Una domanda lecita e doverosa: è corretto, è possibile considerare in una prospettiva unitaria gli Italiani che fanno riferimento alle coste orientali del Mare Adriatico?
Si tratta di un’area decisamente estesa: va dalla longitudine 45°38” N di Trieste a quella di 42°06” di Antivari. Comprende realtà socio economiche eterogenee: alcune città di diverse dimensioni (Trieste, Fiume, Zara), numerosissimi piccoli centri e certe aree di natura agricola.

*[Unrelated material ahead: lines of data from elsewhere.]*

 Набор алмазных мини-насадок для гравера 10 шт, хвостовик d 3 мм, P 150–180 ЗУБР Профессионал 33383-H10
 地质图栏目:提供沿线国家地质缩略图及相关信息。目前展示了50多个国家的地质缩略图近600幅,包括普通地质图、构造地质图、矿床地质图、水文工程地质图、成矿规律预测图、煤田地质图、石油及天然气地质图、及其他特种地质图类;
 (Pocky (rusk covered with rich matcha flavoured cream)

Oggi sono ben quattro le entità statuali di appartenenza: Italia, Slovenia, Croazia, Montenegro. In realtà anche in passato – al di là dell’influenza della Serenissima – la situazione politico-statuale dell’area in questione è stata decisamente composita.

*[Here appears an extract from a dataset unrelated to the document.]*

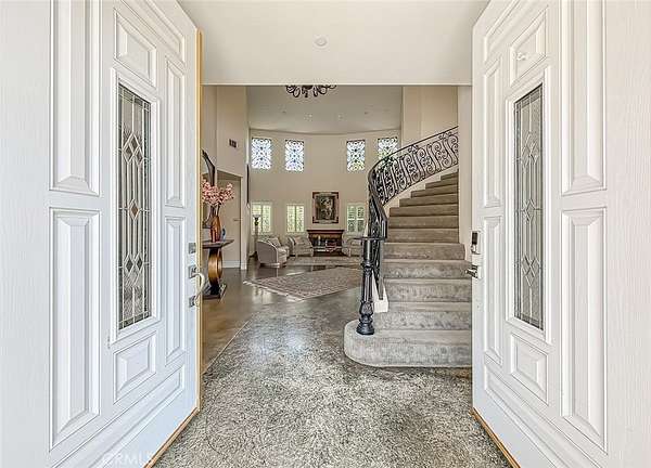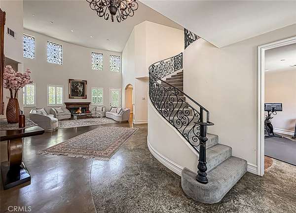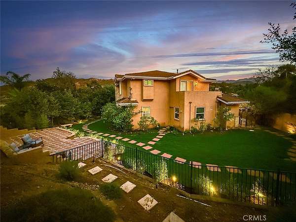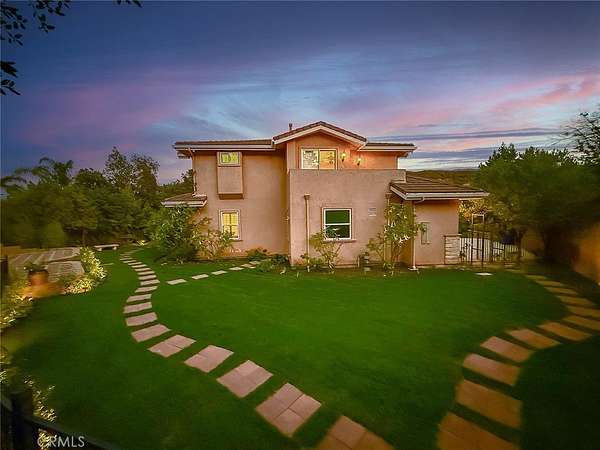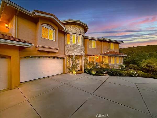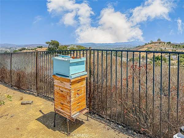 Welcome to the exclusive gated enclave of Lynn Oaks Estates. This stunning residence is perched atop a long private driveway and offers breathtaking surroundings on approximately 1.5 acres. This one-of-a-kind property includes a working beehive for fresh honey, a charming chicken coop, and potential building opportunity, with the possibility of a separate access driveway via a neighboring easement with breathtaking 360-degree view--enjoy sunrise to sunset views of the surrounding mountains, rolling hills, and city lights. Behind elegant double entry doors adorned with leaded glass insets, you're greeted by a showstopping circular wrought-iron staircase, setting the tone for the sophistication throughout. The formal living room boasts dramatic cathedral ceilings, a custom fireplace, and ornate iron-accented windows that flood the space with natural light. An arched passageway leads to the formal dining room, perfect for hosting elegant dinners. Adjacent, the butler's pantry flows seamlessly into the heart of the home--an expansive gourmet kitchen equipped with stainless steel appliances, a large walk-in pantry, and a generous center island, all open to a spacious dining area and inviting family room complete with fireplace, wet bar, and plantation shutters. Downstairs also includes a versatile office/gym, a guest bedroom, and two baths, offering comfort and functionality for family and guests. Upstairs, the massive primary suite serves as a private sanctuary featuring a balcony with a view of the backyard, an ensuite bath with dual vanities, a soaking tub overlooking the backyard, a separate shower, and a private water closet. Additional bedrooms include one with a private ensuite and two sharing a Jack-and-Jill bath, all designed with comfort and style in mind.

Da un secolo a questa parte, poi, l’Adriatico Orientale ha costituito scenario di conflitti, di divisioni, di violenze, come poche altre aree europee.
A conclusione: il comune denominatore sembra essere non l’unità e l’uniformità, quanto piuttosto la divisione e la diversità.

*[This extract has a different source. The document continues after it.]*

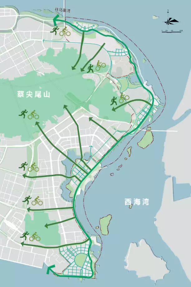 ③步行與自行車綠廊:串聯(lián)起蔡尖尾山體公園、大屏山公園、體育中心、自貿(mào)公園等開放空間。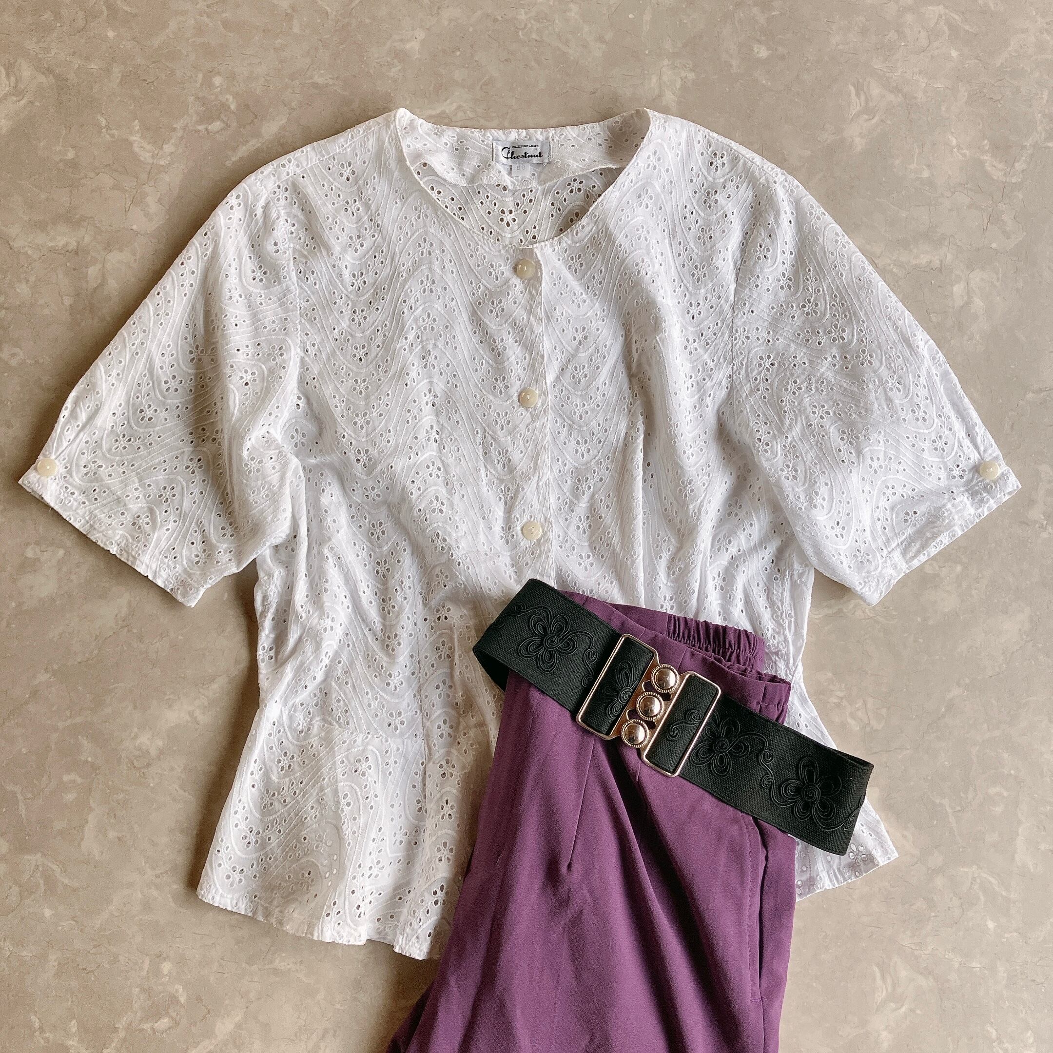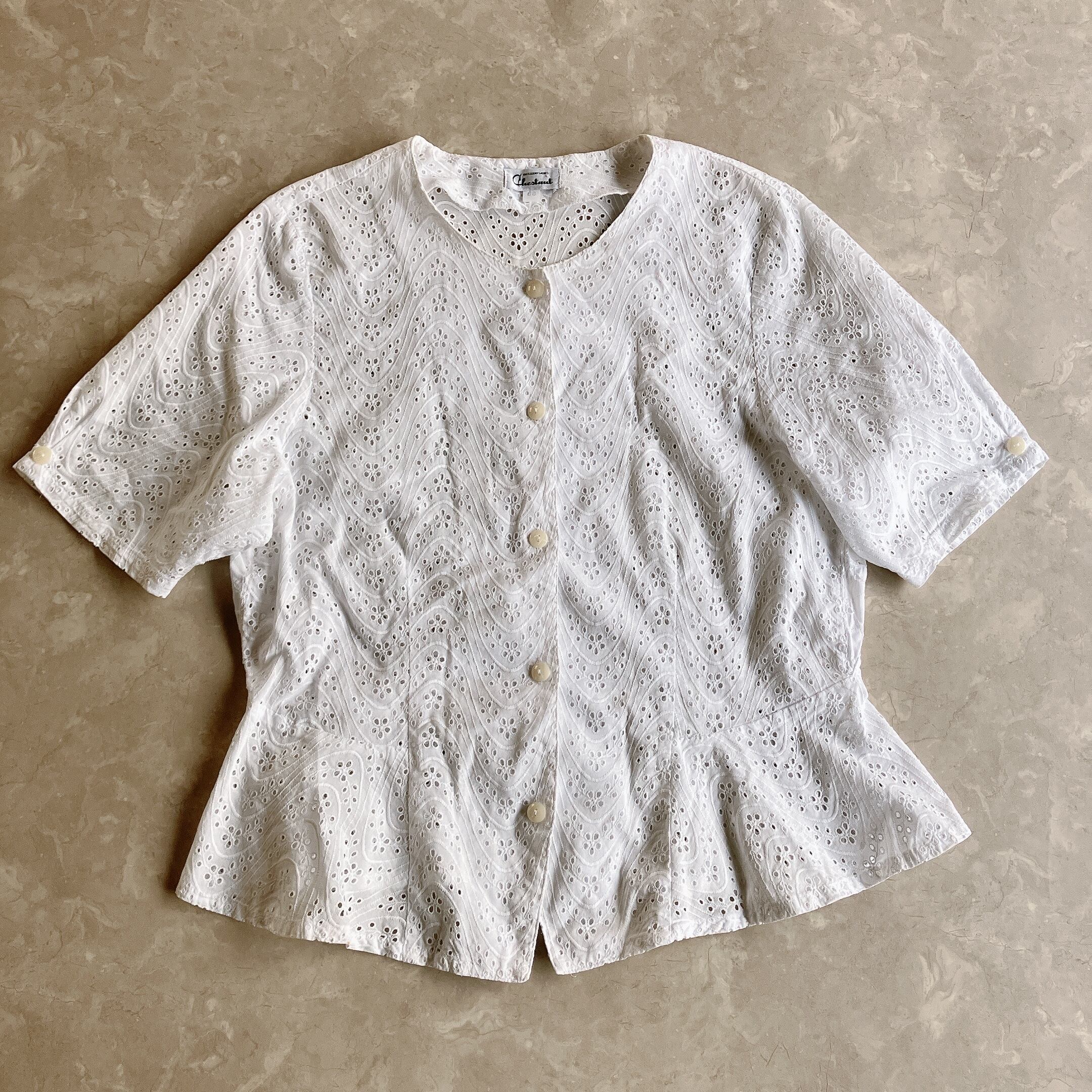 used レトロ カットワーク刺繍 ブラウス 古着 ヴィンテージ vintage

Si aggiunga, inoltre, che gli Italiani dell’Adriatico Orientale hanno vissuto al proprio interno, dopo il secondo conflitto, la divisione profonda e traumatica tra coloro che sono rimasti sul territorio e quanti hanno affrontato le strade dell’Esodo.
Infine, anche tra le Associazioni di questi ultimi, si è verificata una sorta di divaricazione tra chi ha privilegiato la dimensione economico assistenziale e chi a preferito quella politica della affermazione dei valori, con frequenti prese di posizione conflittuali.
Di fronte a questo quadro pieno di diversità, di contrasti e di conflitti va dunque riproposta la domanda iniziale: è lecito, è possibile parlare di «un solo popolo» che abbraccia gli Italiani dell’Adriatico Orientale?
Siamo Italiani (in modo speciale)
La risposta va cercata individuando qual i sono i contenuti che abbiamo in comune e se sono tali da compensare e superare le diversità.
Ed il primo di questi contenuti unificanti è senz’altro questo: SIAMO ITALIANI.
L’Italia è la nostra nazione e l’identità nazionale italiana è da noi vissuta come elemento importante, costitutivo della nostra identità, anche personale.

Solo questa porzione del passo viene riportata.